Viacom’s ditching YouTube, and says they are glad they did.   This  FT story suggests that we may seeing the beginning of what could become a monumental shift in content distribution online.   Viacom has forced YouTube to delete Comedy Central and other popular clips, and says these deletions have resulted in people heading over to the Comedy Central website to find the content rather than YouTube.  This was exactly what Viacom wanted.

Key questions are shaking out about online video:
*How much  of the video traffic is to the “professional” content like that produced by  Viacom vs amateur content?

* How important are search engines / major video sites to finding clips?    The Viacom statement suggests that people will seek the clips they want away from YouTube.   However if they are using Google search to find the alternative locations of the clips Google may have successfully covered both these bases with the YouTube aquisition.

* The most important question is about $money$ and it is simply this – can video be monetized well?   Nobody knows yet.   I predict the answer is going to be somewhat complex, but basically no, you can’t monetize it nearly as well as pay per click advertising, where the information experience can be integrated well with the buying experience.    With Video this match is going to be more difficult and usually impossible.   Somebody watching a “Daily Show” clip is primarily interested in a quick laugh, and seems unlikely to wind up clicking off on an advertisement and almost totally unlikely to buy something as part of the Comedy Central clip watching experience.

Sure there will be some room to market clip specific advertising like Comedy Central hats, but that type of thing is not much of a market for the burgeoning video content industry.    Even junky clips take a lot more time to produce and and bandwidth to distribute than text content, so the revenue equation is simply not as favorable and probably will always be a challenge.

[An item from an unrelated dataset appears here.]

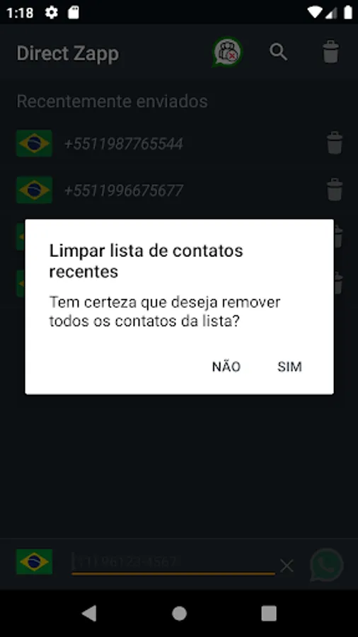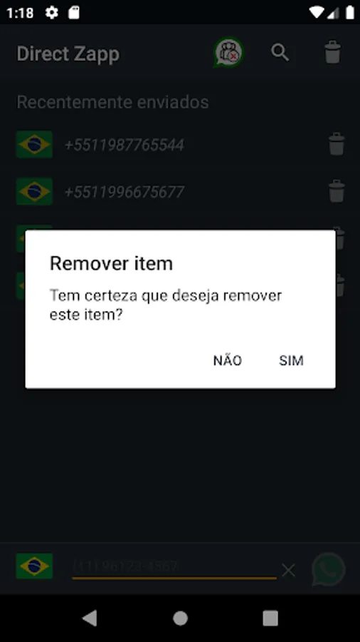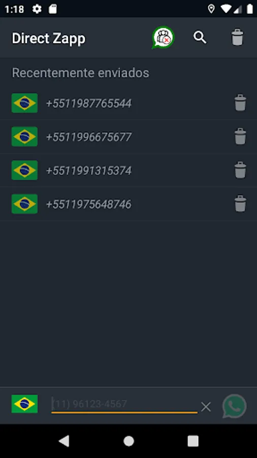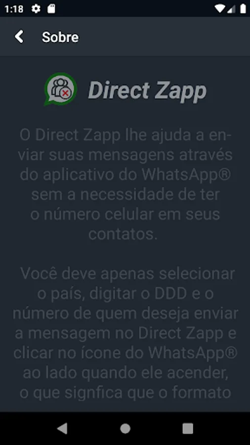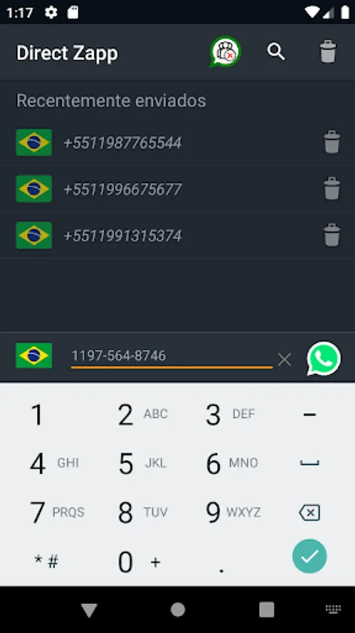 You just have to select the country, enter the DDD and number you want to send the message to in Direct Zapp and click the WhatsApp® icon next to it when it lights up, which means the number format you entered is correct and validated. WhatsaApp®.

I think a major challenge with Video is that many think the online video experience and advertising will be similar to Television content and monetizing.   It won’t.   Decentralized control and the fact almost anybody can and will produce content are changing things rapidly and globally.

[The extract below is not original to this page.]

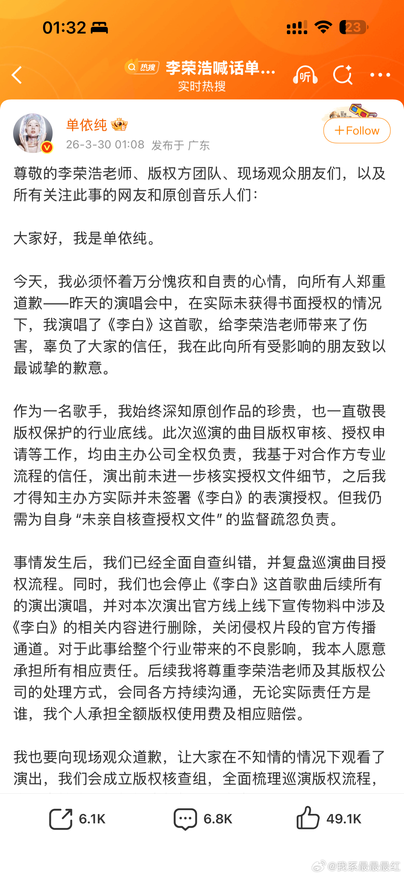 单依纯演唱会发言凌晨一点,单依纯发长文道歉了

The video fun, junky content, and advertising experiments have only just begun.

3 thoughts on “Viacom to Google – YouTube aren’t the boss of me now!

  1. Pingback: Advertising isn't understood - blog - James Cridland

  2. Hi James –

    Hey, it’s not ignorance, it’s ADVERTISING!

    Yes I believe that most (though of course not all) advertising has negative ROI and I’d love to see some studies that are *not* from the industry itself to challenge this notion. It’s also common here in te USA to assert that advertising based branding campaigns are critical to success. I assume you feed your kids by convincing clients that radio is best for this?

    I would suggest that most successfully branded companies (Google, ATT, Coke) *started out* with new, innovative stuff and that the advertising came later to support that success.

    My “expertise”, to the extent anybody has that in the shameless mess called brand marketing, is primarily with medium and small travel businesses so I’m open to the idea that branding may work on a global scale where a large percentage of a population has interest in the product *and* you can reach them cheaply. But rules that apply to Pepsi or Telephone empires are commonly – and foolishly – applied to small and medium businesses and destinations that squander millions on silly “branding” campaigns that that rarely work (no? examples?.

    I’m open to being proved wrong, but conventional wisdom often means conventional ignorance.